Greatest Albums of 2011: #33: The Weeknd - House of Balloons


2011 was a great year for misogyny. Rappers like Drake and DJ Quik received critical acclaim despite glorifying egregious double standards, Lady Gaga set feminism back a decade, Odd Future existed, and women screamed lines like “All these girls try to tell me she got no love / But all these girls never ever got a blowjob” at the top of their lungs back at Abel Tesfaye at a rare Weeknd show earlier this year. Despite being widely chauvinistic and, at times, even graphic, House of Balloons, The Weeknd’s debut mixtape, became a sleeper hit among normal people and sexually frustrated basement dwellers alike. When publications like Pitchfork and Rolling Stone started singing its graces, I almost felt disgusted for them.

But, despite its truly gruesome intentions, House of Balloons is a success. Tesfaye’s voice is positively orgasmic all over this thing, but what really makes the record stand out is its production by Canadian producers Don McKinney, Zodiac and Illangelo, specifically its creative use of samples, a fact supported by the mixtape’s mediocre follow-up, Thursday. Hearing Beach House singer Victoria Legrand’s pitch-shifted voice scold Tesfaye’s melancholy is a worthy counterbalance to the record’s aural grime. And turning Sioux Sioux and the Banshees’ “Happy House” into a New Jack anthem was a stroke of pure genius, a massive height from which Tesfaye could jump off right into the dirge of “Glass Table Girls.”

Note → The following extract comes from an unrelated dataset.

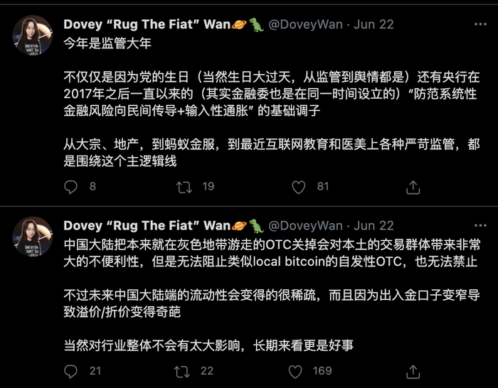 比如Dovey万近期就一直频繁的更新关于国内的监管动作与分析,她对于本次监管利空在短期内持有严重悲观的态度,但长期看好。

What is also important is that House of Balloons has an intense emotional core, fueled by god knows what and, for that matter, god knows who would want to know. That’s why, even though The Weeknd is rumored to release another mixtape before year’s end, I don’t think Tesfaye will ever top House of Balloons. Much like we can’t hear Eminem rap about being poor after he’s made millions doing so on his first record, I cannot take Tesfaye’s infernal gripes seriously for another album. House of Balloons’s carnal seduction is something that can only be made once before The Weeknd changes up their act. The ground covered on it is so disgusting and intrepid that it cannot and should not be tampered with ever again.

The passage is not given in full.